French president reshuffles cabinet after election defeats

PARIS (AP) — French President Emmanuel Macron reshuffled his cabinet Monday in an attempt to adjust to a new political reality following legislative elections in which his centrist alliance failed to win a parliamentary majority.

The latest government reshuffle comes six weeks after Macron appointed Elisabeth Borne to lead a new governing coalition at the start of the president’s second term. It is partly the result of rules that Macron, and French presidents before him, had put in place before the parliamentary vote: only ministers who retain their seats will remain in government posts.

Three of Macron’s 15 ministers failed to win re-election to parliament in a two-round vote last month and were replaced on Monday. Christophe Bechu is the new environment minister and Francois Braun is in charge of health. Herve Berville is the secretary of state for the sea.

In addition, Damien Abad, the disability policy minister who is under investigation for rape and sexual misconduct, has been replaced by Jean-Christophe Combe, the former director general of the French Red Cross.

The new cabinet is expected to hold its first meeting later on Monday.

The sexual misconduct allegations against Abad emerged just days after Borne, the second woman in French history to be appointed prime minister, announced her new government on May 22 following Macron’s re-election in April.

The accusations were particularly embarrassing for the new prime minister and president, who claim to be champions of women’s rights and have promised “zero tolerance” for sexual misconduct.

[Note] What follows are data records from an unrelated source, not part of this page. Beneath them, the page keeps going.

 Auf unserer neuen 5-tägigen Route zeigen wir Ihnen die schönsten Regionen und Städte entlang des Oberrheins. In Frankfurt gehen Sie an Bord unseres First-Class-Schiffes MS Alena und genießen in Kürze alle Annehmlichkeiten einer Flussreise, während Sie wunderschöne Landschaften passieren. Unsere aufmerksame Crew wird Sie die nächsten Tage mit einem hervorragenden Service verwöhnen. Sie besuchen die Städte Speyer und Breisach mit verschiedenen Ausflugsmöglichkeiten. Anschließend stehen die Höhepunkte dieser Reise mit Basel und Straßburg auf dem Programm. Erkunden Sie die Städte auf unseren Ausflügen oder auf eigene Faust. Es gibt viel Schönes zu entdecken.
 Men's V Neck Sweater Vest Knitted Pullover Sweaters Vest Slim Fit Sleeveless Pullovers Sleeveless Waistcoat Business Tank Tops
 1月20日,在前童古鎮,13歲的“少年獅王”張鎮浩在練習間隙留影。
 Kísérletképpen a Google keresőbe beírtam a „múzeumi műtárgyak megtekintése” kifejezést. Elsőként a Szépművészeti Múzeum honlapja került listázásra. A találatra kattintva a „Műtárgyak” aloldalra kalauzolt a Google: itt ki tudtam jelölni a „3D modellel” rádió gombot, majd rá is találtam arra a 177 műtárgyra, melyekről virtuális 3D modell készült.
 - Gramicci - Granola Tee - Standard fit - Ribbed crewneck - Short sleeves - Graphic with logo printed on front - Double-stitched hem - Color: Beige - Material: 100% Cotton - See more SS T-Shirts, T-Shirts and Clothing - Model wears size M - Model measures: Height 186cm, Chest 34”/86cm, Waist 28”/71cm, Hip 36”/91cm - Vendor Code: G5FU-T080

Two women claimed that Abad had assaulted them more than a decade ago. He has strongly denied the allegations and said such claims would be impossible given his own disability, which affects his joints and muscles.

Macro together! The alliance won the most seats in the National Assembly in last month’s elections, but fell 44 seats short of a majority in France’s most powerful parliamentary chamber, as voters opted for the leftist Nupes coalition and the National group of extreme right of Marine Le Pen.

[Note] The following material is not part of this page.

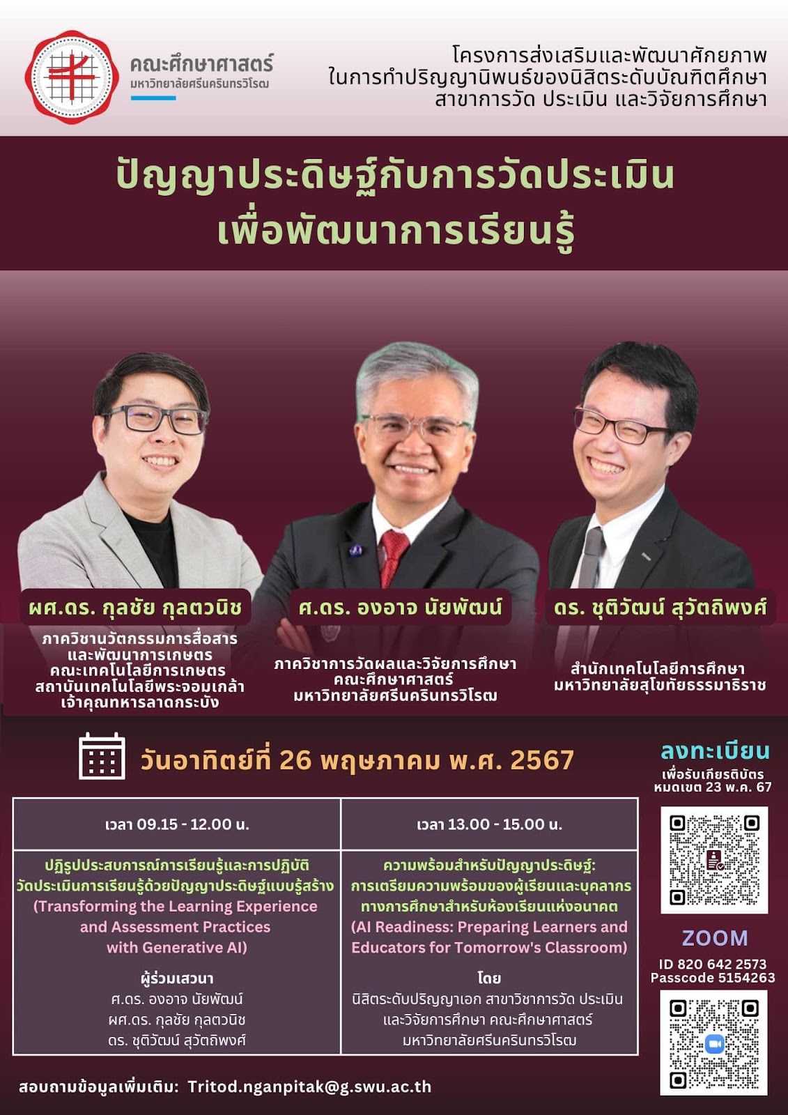 ขอเชิญผู้สนใจเข้าร่วมฟังการสัมมนา หัวข้อ ปัญญาประดิษฐ์กับการวัดประเมินเพื่อพัฒนาการเรียนรู้ ในวันอาทิตย์ที่ 26 พฤษภาคม 2567 เวลา 9.00-15.00 น.

With the most seats in the National Assembly, his government still has the ability to govern, but only by negotiating with legislators. To avoid the impasse, Macron’s Renaissance party and its allies may try to negotiate on a case-by-case basis with center-left and conservative party lawmakers.

Macron was re-elected president in April on an agenda that includes measures to boost purchasing power, tax cuts and raising the minimum retirement age from 62 to 65.

Last week, the National Assembly elected another Macron loyalist, Yael Braun-Pivet, as the new president, the first woman to hold the post. She was elected after her predecessor lost her seat in parliament in the elections.